_Task prompt_.
The output should match, line for line, the records from the line containing "- Axonométrica: el" through the line containing "The cold wave", with every picture left out.

_Source information_.

★ ★ ★ ★ ★

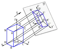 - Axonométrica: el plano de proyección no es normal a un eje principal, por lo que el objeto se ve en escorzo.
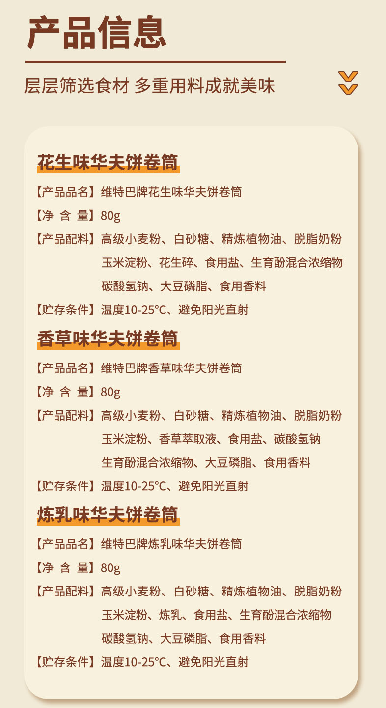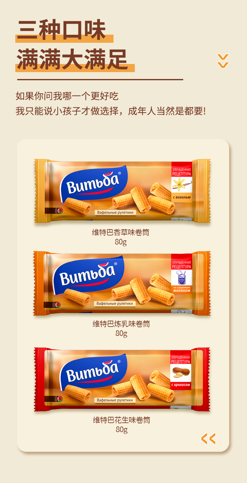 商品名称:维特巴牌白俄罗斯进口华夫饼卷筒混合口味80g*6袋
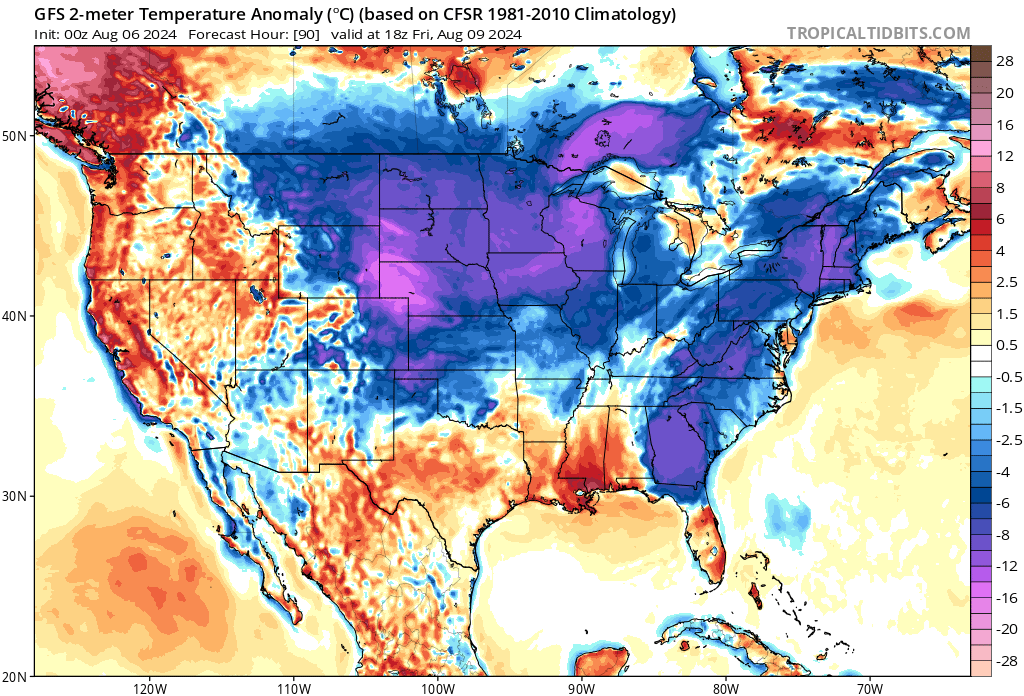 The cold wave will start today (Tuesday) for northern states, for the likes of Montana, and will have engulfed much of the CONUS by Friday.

★ ★ ★ ★ ★

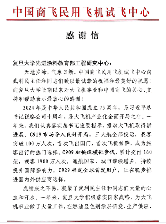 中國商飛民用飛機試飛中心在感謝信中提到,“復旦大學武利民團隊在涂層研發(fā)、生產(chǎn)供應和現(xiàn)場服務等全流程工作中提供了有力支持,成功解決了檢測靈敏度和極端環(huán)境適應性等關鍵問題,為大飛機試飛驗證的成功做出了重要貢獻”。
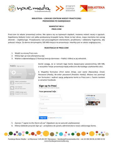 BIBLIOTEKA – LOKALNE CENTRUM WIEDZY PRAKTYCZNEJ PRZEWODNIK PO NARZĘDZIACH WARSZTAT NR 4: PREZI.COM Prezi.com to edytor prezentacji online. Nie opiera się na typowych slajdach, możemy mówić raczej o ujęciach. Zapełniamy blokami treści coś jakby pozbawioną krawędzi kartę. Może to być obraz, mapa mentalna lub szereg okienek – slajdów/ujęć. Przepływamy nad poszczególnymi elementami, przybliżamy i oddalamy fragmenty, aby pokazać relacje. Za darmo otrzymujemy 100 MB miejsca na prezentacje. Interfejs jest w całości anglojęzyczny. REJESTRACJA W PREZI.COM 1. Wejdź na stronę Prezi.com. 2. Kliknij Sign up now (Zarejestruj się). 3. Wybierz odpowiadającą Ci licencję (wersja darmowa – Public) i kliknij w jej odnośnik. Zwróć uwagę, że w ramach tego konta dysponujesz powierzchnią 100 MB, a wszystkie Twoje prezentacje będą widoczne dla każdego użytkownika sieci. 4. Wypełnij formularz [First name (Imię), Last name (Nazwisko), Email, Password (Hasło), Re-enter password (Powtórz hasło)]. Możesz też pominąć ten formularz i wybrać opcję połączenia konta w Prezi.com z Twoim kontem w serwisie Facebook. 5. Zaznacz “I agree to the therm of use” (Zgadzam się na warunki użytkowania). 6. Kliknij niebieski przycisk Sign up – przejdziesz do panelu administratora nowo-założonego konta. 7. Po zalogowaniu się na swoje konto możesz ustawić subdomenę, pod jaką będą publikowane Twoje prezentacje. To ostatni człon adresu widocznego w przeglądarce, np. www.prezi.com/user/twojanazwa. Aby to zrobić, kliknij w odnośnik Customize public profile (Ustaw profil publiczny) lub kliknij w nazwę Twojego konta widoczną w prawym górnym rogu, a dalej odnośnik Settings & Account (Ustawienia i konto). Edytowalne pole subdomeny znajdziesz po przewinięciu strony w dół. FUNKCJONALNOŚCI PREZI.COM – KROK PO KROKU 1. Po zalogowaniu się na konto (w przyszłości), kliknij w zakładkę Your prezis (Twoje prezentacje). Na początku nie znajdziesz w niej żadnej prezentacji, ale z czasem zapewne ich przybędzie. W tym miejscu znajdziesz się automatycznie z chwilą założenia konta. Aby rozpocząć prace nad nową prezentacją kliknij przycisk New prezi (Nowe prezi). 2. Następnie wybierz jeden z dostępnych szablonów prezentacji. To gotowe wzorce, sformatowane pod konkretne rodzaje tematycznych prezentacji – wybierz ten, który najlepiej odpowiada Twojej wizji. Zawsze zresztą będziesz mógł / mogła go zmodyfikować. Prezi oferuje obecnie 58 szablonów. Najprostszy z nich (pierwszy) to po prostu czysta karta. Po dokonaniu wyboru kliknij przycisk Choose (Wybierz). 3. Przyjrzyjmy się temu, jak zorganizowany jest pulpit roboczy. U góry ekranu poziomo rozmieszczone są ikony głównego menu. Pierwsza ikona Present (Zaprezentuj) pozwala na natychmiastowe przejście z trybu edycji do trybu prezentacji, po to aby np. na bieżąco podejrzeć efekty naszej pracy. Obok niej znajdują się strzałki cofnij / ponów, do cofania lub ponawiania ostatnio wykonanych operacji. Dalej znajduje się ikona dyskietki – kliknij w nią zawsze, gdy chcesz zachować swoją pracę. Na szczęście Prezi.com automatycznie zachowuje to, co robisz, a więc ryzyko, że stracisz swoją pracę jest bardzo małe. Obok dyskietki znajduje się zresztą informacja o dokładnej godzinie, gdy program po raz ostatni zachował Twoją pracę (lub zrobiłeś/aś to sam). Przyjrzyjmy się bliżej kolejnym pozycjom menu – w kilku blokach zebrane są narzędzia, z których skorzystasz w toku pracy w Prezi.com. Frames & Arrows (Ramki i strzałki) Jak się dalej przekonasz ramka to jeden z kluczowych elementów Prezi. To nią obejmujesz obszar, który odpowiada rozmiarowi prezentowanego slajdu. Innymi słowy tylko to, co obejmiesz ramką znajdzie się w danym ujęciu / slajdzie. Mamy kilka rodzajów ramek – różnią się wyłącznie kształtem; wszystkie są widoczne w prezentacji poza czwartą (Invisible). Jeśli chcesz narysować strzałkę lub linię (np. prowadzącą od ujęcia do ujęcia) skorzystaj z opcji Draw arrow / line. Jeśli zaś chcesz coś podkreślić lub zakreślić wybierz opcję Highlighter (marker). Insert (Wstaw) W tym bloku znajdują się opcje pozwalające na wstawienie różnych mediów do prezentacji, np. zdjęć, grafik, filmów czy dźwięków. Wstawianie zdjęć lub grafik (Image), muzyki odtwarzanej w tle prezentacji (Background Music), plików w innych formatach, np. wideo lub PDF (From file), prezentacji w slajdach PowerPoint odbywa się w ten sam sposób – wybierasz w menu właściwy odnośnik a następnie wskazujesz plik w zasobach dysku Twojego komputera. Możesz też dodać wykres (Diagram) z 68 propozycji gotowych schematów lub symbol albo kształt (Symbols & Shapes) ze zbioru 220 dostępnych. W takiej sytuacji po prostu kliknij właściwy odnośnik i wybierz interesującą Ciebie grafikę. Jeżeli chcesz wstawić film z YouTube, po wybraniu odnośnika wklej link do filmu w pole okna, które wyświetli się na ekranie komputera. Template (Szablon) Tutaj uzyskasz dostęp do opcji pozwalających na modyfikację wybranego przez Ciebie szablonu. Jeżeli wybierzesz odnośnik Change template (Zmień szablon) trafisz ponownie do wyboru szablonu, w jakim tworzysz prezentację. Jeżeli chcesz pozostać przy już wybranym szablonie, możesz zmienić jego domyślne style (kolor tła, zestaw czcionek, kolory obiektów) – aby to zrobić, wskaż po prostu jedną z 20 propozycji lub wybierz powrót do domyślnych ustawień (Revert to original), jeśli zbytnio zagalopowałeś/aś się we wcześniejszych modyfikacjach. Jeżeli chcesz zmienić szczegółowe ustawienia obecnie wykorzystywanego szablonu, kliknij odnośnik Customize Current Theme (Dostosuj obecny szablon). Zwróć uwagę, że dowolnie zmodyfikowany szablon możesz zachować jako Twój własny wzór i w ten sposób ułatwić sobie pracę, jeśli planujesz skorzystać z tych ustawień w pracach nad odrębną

★ ★ ★ ★ ★

_Answer_.
 - Axonométrica: el plano de proyección no es normal a un eje principal, por lo que el objeto se ve en escorzo.
 商品名称:维特巴牌白俄罗斯进口华夫饼卷筒混合口味80g*6袋
 The cold wave will start today (Tuesday) for northern states, for the likes of Montana, and will have engulfed much of the CONUS by Friday.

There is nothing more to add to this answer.